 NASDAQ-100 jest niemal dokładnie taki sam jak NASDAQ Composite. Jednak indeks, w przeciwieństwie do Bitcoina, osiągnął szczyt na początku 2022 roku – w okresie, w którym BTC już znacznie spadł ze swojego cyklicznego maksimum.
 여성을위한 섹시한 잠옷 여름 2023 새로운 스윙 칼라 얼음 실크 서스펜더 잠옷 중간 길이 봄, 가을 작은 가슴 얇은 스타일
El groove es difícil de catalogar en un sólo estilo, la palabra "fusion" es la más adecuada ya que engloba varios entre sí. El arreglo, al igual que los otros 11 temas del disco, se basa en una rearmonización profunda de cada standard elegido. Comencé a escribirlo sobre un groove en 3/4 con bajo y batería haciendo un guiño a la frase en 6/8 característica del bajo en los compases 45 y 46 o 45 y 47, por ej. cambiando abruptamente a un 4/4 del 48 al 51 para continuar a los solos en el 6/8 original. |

■ ■ ■ ■ ■ ■ ■

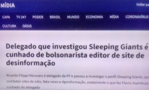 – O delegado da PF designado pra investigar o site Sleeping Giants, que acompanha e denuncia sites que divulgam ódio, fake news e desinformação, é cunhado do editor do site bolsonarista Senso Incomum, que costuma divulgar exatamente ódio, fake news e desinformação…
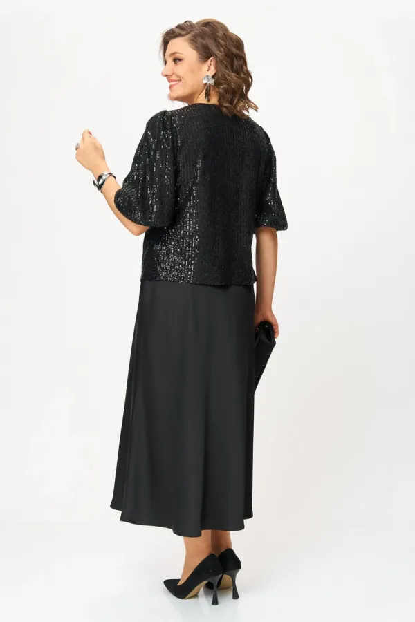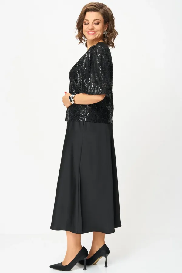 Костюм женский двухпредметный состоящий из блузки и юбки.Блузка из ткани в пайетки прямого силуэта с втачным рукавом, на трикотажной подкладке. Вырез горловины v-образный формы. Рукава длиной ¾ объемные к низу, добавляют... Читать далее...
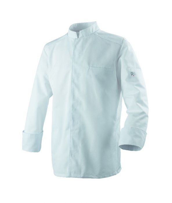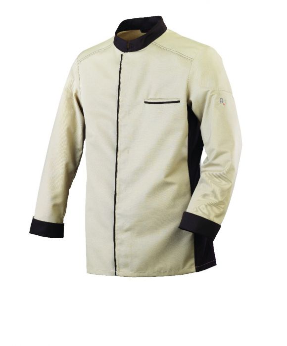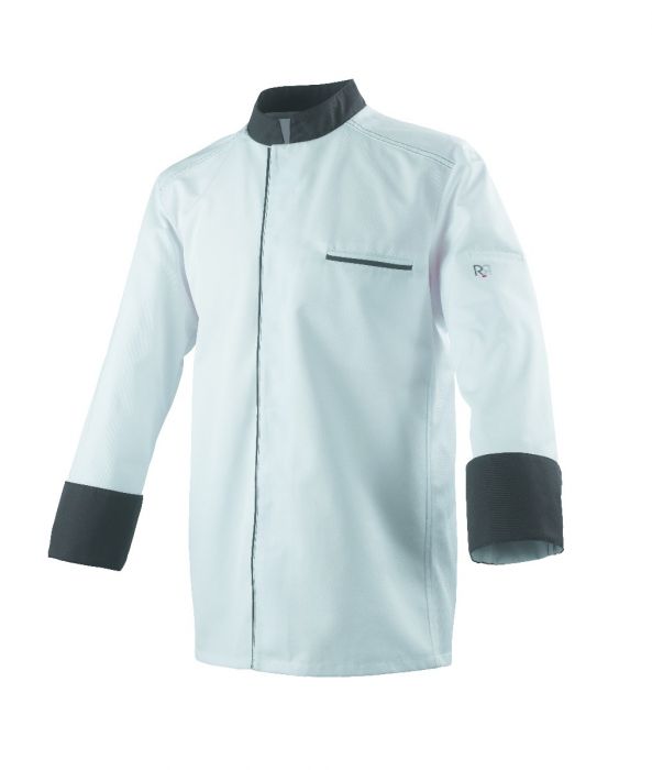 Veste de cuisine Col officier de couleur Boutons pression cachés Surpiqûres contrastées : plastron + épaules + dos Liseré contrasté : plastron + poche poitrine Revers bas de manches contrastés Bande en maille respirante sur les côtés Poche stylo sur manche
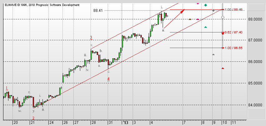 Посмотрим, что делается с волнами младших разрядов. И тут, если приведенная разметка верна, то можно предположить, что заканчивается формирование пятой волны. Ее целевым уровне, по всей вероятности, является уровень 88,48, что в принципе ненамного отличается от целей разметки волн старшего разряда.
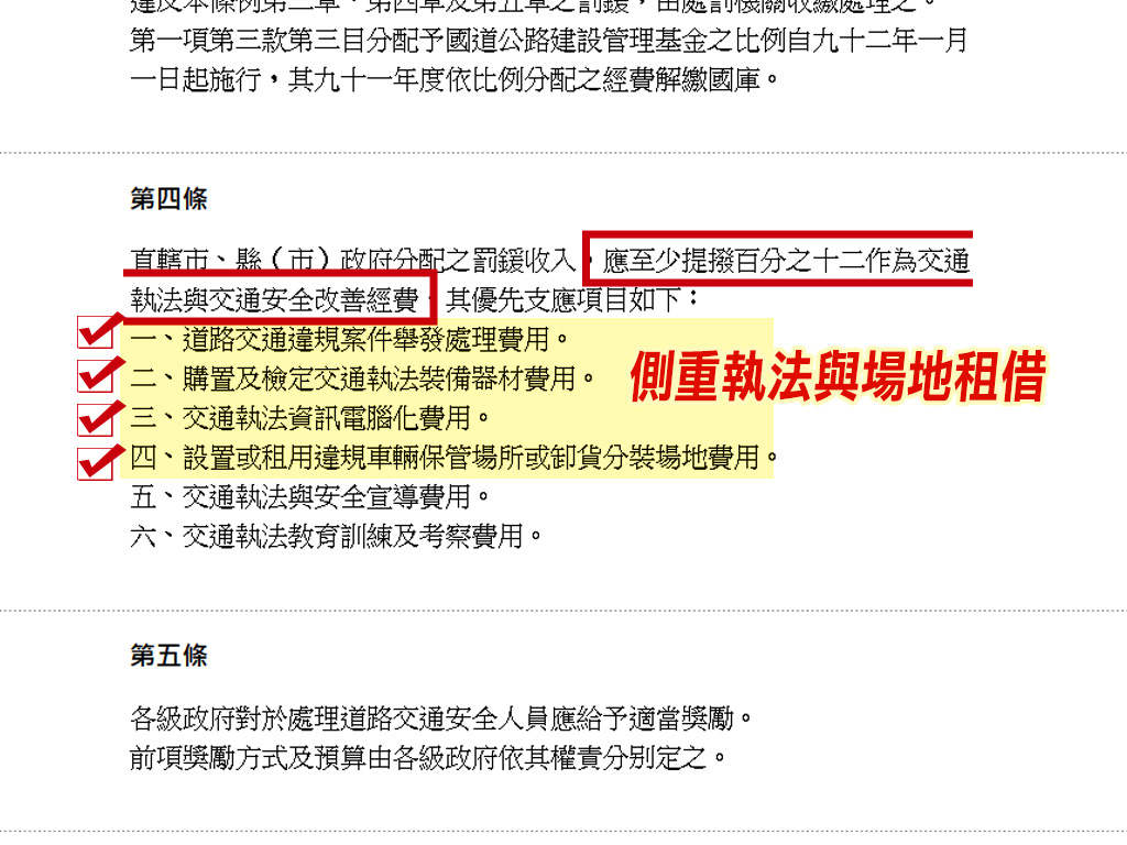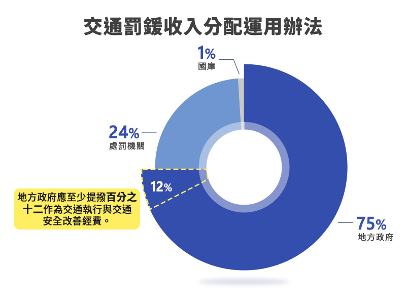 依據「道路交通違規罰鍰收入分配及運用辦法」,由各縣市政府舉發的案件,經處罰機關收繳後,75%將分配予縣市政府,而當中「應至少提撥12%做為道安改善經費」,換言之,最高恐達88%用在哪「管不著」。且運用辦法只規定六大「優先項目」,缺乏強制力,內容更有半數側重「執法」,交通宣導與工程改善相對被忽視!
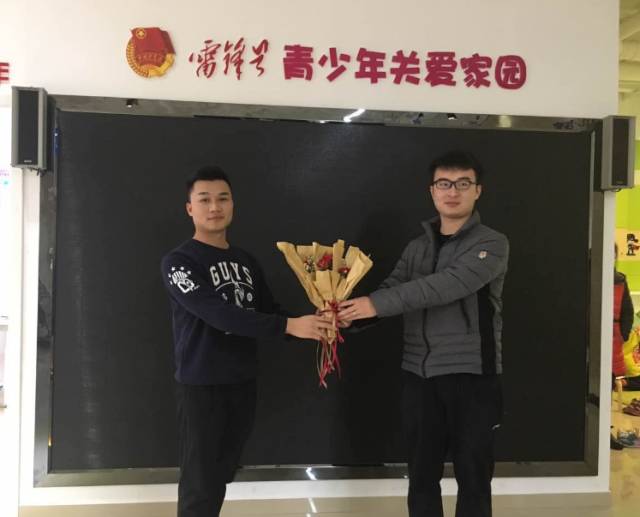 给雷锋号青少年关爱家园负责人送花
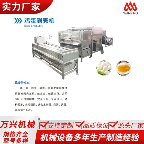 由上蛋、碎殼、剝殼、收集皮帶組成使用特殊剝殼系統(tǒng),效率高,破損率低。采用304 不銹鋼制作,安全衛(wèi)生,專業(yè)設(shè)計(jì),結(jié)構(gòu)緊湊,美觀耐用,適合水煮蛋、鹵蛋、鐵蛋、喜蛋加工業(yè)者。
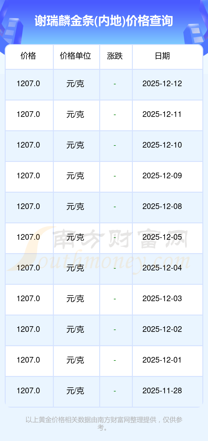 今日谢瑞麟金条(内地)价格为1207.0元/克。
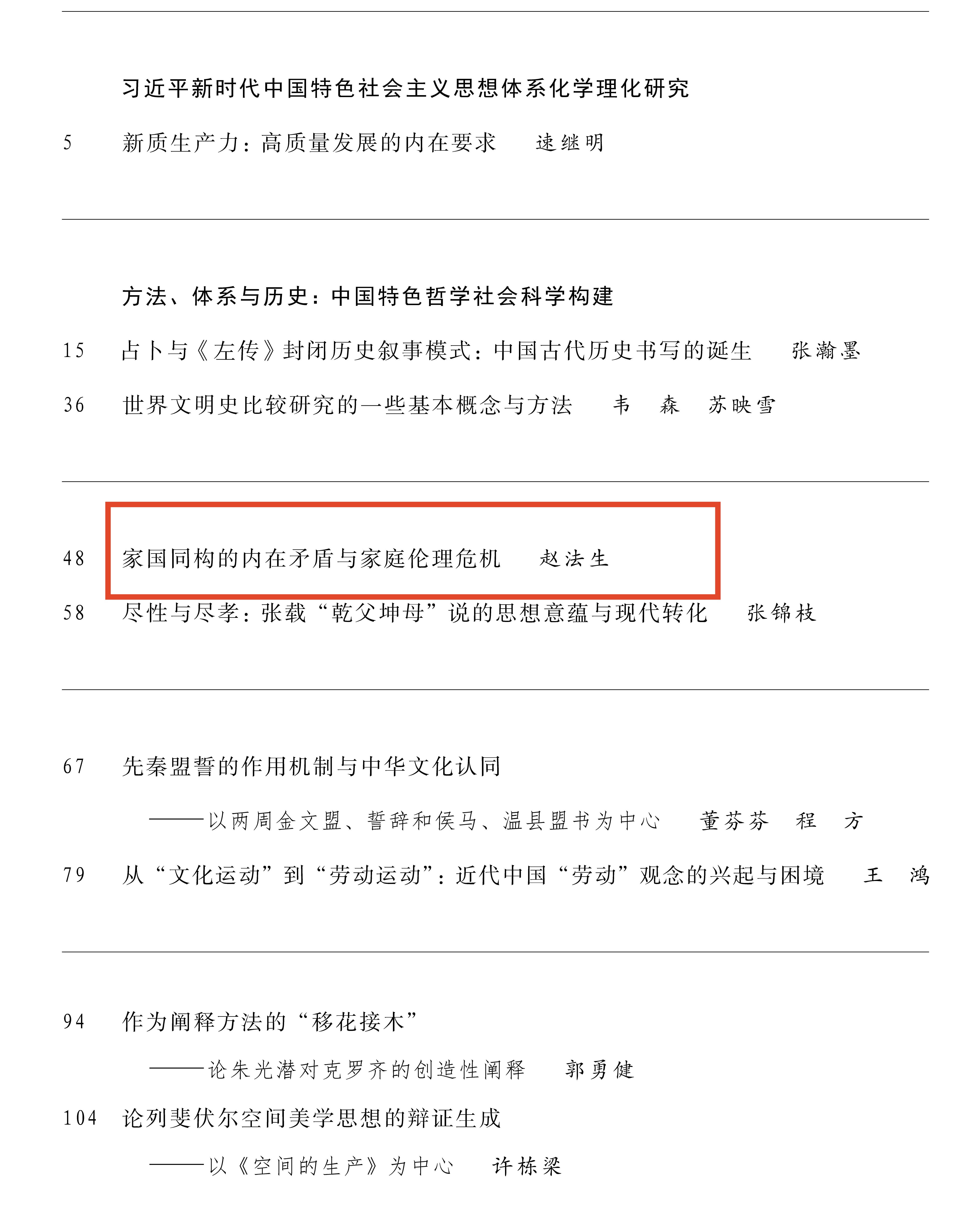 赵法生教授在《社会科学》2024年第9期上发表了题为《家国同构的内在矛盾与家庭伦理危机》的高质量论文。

■ ■ ■ ■ ■ ■ ■

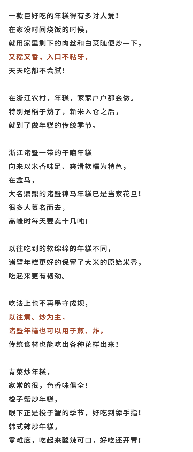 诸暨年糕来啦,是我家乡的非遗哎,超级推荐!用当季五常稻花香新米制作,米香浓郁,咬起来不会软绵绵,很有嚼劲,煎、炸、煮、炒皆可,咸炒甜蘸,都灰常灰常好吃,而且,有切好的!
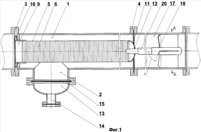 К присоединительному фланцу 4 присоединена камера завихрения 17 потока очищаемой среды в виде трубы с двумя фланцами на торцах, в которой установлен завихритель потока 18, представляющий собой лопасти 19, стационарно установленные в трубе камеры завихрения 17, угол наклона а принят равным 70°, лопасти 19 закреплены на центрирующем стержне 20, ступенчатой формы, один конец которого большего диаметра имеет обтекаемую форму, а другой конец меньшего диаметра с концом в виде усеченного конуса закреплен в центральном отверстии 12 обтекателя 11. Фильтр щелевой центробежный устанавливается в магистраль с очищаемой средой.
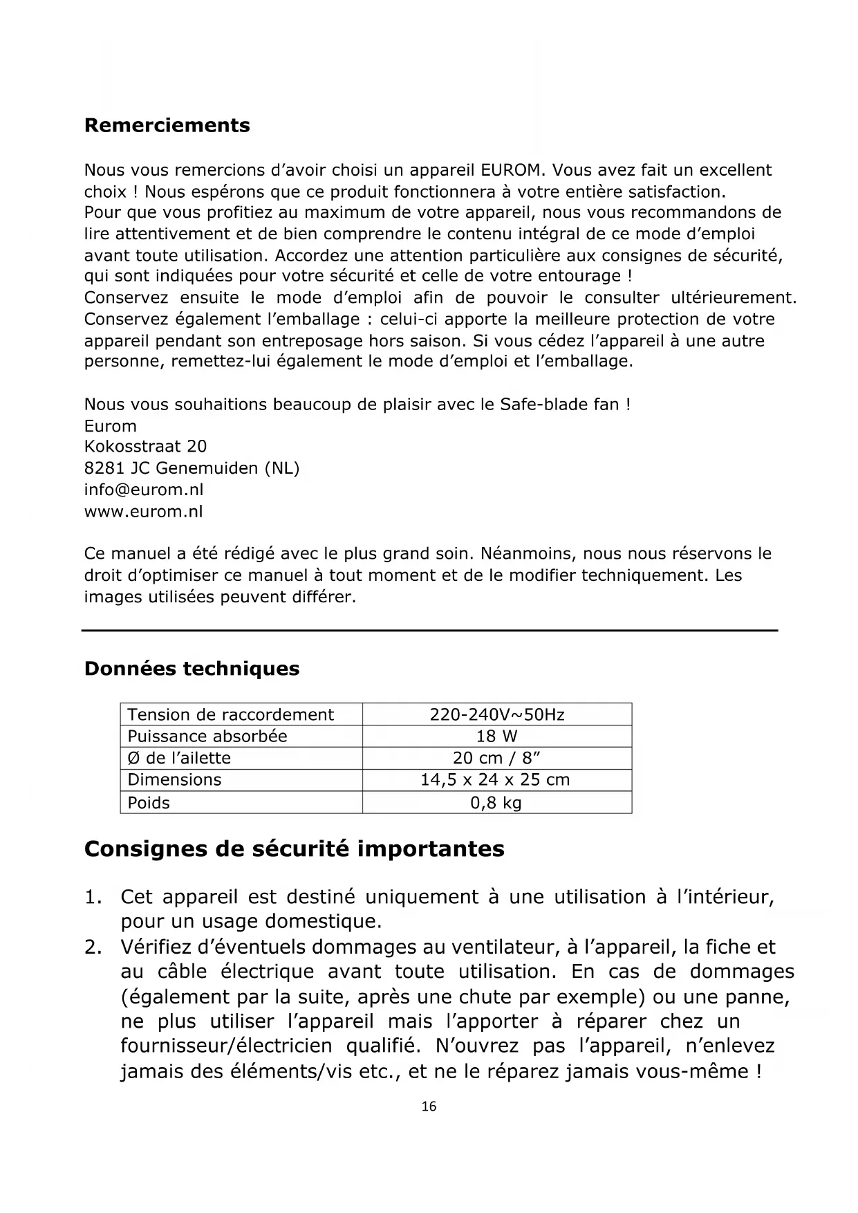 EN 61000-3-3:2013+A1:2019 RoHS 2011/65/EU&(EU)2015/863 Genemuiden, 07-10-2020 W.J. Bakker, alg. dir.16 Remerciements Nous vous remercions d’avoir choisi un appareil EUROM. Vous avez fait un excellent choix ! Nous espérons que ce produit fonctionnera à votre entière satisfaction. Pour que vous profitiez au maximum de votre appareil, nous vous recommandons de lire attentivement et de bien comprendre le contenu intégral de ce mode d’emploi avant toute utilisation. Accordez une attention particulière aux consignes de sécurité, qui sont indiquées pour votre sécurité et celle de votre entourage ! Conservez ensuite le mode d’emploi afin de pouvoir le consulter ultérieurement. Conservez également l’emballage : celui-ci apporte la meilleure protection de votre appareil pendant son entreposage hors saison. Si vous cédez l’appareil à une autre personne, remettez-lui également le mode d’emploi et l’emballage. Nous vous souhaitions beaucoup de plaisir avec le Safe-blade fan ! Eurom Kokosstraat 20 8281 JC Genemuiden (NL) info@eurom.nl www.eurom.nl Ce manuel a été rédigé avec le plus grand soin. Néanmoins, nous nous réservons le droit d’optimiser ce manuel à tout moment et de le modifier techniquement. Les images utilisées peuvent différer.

■ ■ ■ ■ ■ ■ ■

▶ **Work to complete**
Your task is to transcribe, with no changes, only the lines of the listing above that lie between the line holding "NASDAQ-100 jest niemal" and the line holding "여성을위한 섹시한 잠옷", inclusive.

▶ **Task response**
 NASDAQ-100 jest niemal dokładnie taki sam jak NASDAQ Composite. Jednak indeks, w przeciwieństwie do Bitcoina, osiągnął szczyt na początku 2022 roku – w okresie, w którym BTC już znacznie spadł ze swojego cyklicznego maksimum.
 여성을위한 섹시한 잠옷 여름 2023 새로운 스윙 칼라 얼음 실크 서스펜더 잠옷 중간 길이 봄, 가을 작은 가슴 얇은 스타일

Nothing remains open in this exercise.